Task details –
Give the lines below again, exactly as they stand, and leave out the images.

Data –
★ ★ ★ ★ ★ ★ ★

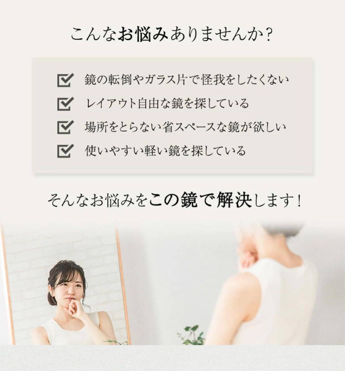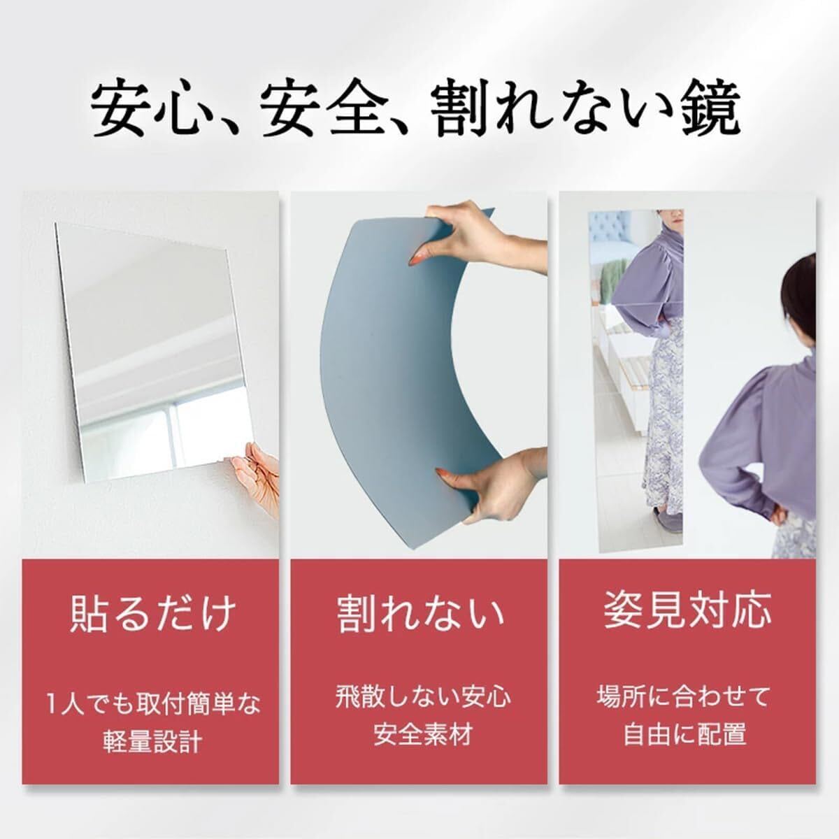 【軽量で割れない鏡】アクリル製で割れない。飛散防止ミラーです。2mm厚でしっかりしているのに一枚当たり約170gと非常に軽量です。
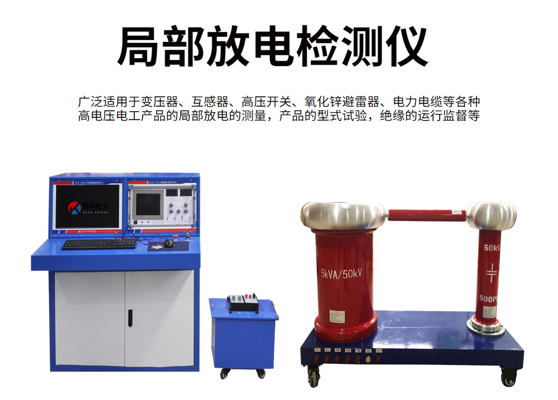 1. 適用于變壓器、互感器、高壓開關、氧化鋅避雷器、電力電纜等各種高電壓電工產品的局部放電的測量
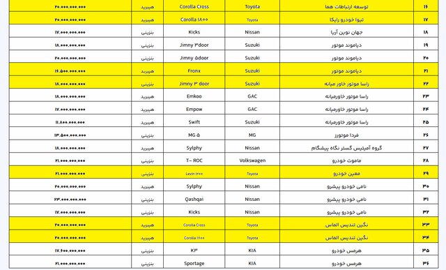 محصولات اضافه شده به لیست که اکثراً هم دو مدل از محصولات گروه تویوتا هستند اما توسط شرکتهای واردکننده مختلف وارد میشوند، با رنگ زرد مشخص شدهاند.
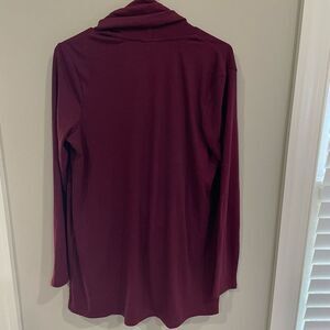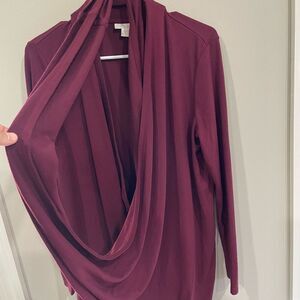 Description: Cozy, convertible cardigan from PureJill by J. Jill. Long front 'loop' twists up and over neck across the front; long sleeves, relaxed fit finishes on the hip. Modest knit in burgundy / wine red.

★ ★ ★ ★ ★ ★ ★

Answer for the task –
 【軽量で割れない鏡】アクリル製で割れない。飛散防止ミラーです。2mm厚でしっかりしているのに一枚当たり約170gと非常に軽量です。
 1. 適用于變壓器、互感器、高壓開關、氧化鋅避雷器、電力電纜等各種高電壓電工產品的局部放電的測量
 محصولات اضافه شده به لیست که اکثراً هم دو مدل از محصولات گروه تویوتا هستند اما توسط شرکتهای واردکننده مختلف وارد میشوند، با رنگ زرد مشخص شدهاند.
 Description: Cozy, convertible cardigan from PureJill by J. Jill. Long front 'loop' twists up and over neck across the front; long sleeves, relaxed fit finishes on the hip. Modest knit in burgundy / wine red.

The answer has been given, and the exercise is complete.